» **TASK DESCRIPTION**:
What you return must match the records below exactly, apart from the omitted pictures.

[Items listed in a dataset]

____________________

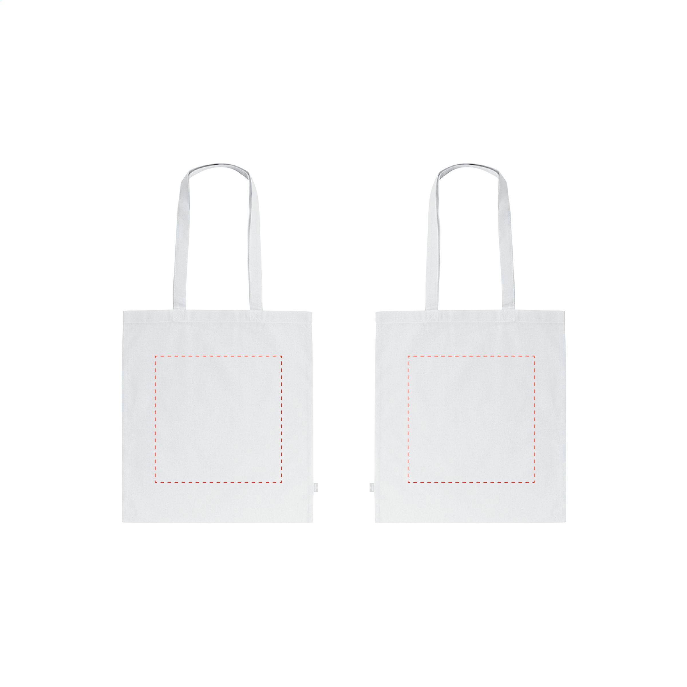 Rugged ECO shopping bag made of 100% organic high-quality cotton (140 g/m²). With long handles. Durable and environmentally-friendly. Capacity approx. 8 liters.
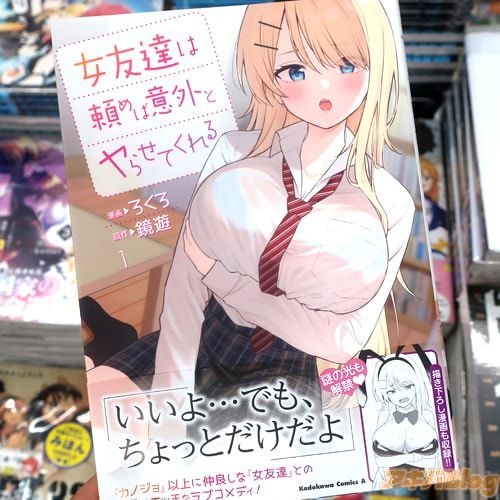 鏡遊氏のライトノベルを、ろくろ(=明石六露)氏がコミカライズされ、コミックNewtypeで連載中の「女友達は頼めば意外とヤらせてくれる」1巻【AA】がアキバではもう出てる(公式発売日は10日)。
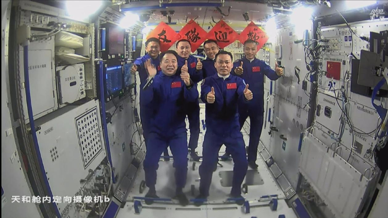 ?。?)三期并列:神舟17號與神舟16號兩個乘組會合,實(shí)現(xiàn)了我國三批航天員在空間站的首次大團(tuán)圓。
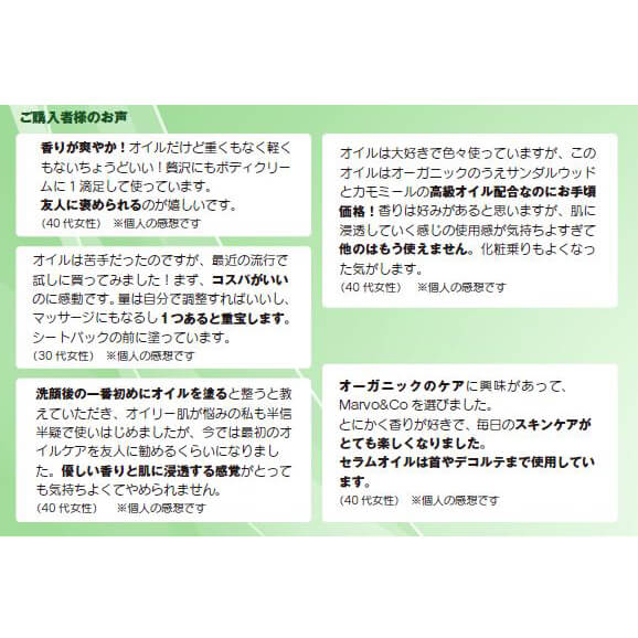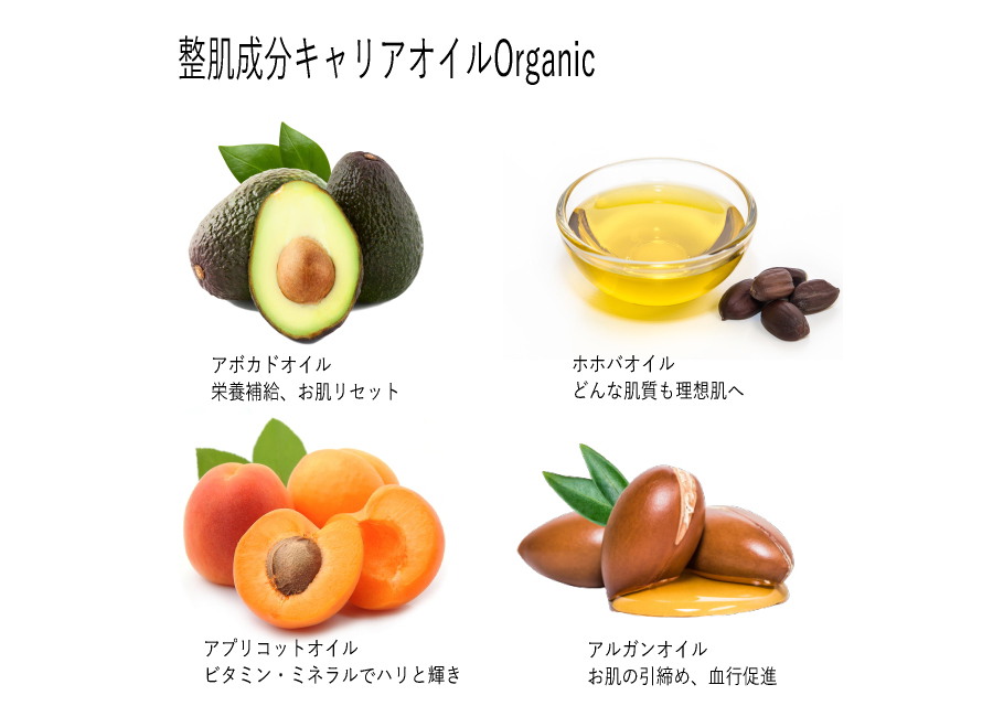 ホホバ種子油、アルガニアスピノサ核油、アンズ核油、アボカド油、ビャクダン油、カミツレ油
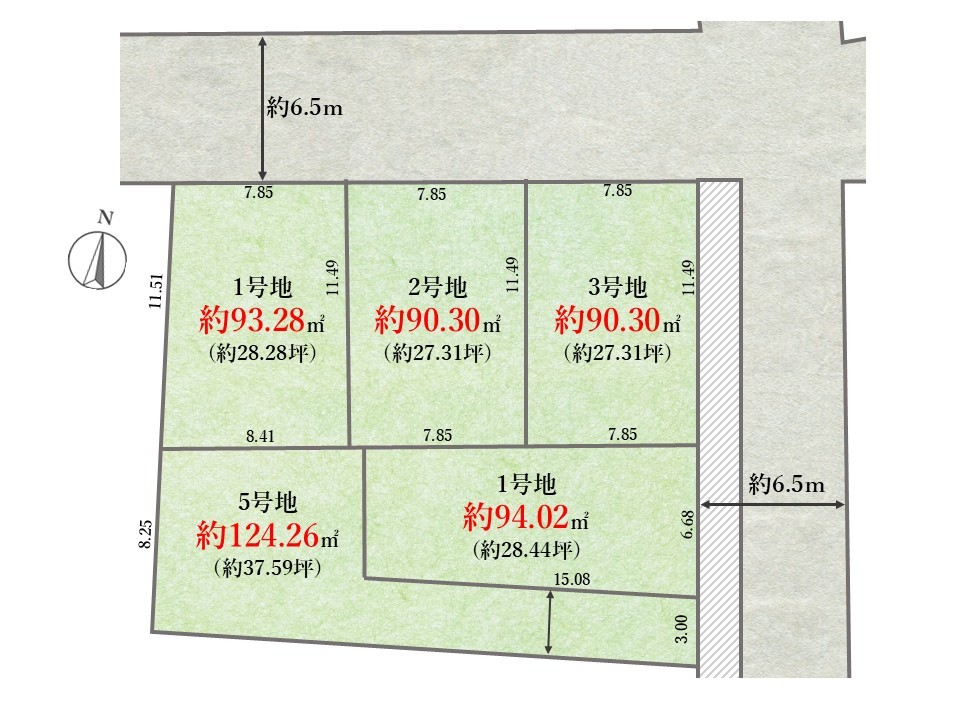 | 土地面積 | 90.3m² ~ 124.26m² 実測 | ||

____________________

» **SOLVED PROBLEM**:
 Rugged ECO shopping bag made of 100% organic high-quality cotton (140 g/m²). With long handles. Durable and environmentally-friendly. Capacity approx. 8 liters.
 鏡遊氏のライトノベルを、ろくろ(=明石六露)氏がコミカライズされ、コミックNewtypeで連載中の「女友達は頼めば意外とヤらせてくれる」1巻【AA】がアキバではもう出てる(公式発売日は10日)。
 ?。?)三期并列:神舟17號與神舟16號兩個乘組會合,實(shí)現(xiàn)了我國三批航天員在空間站的首次大團(tuán)圓。
 ホホバ種子油、アルガニアスピノサ核油、アンズ核油、アボカド油、ビャクダン油、カミツレ油
 | 土地面積 | 90.3m² ~ 124.26m² 実測 | ||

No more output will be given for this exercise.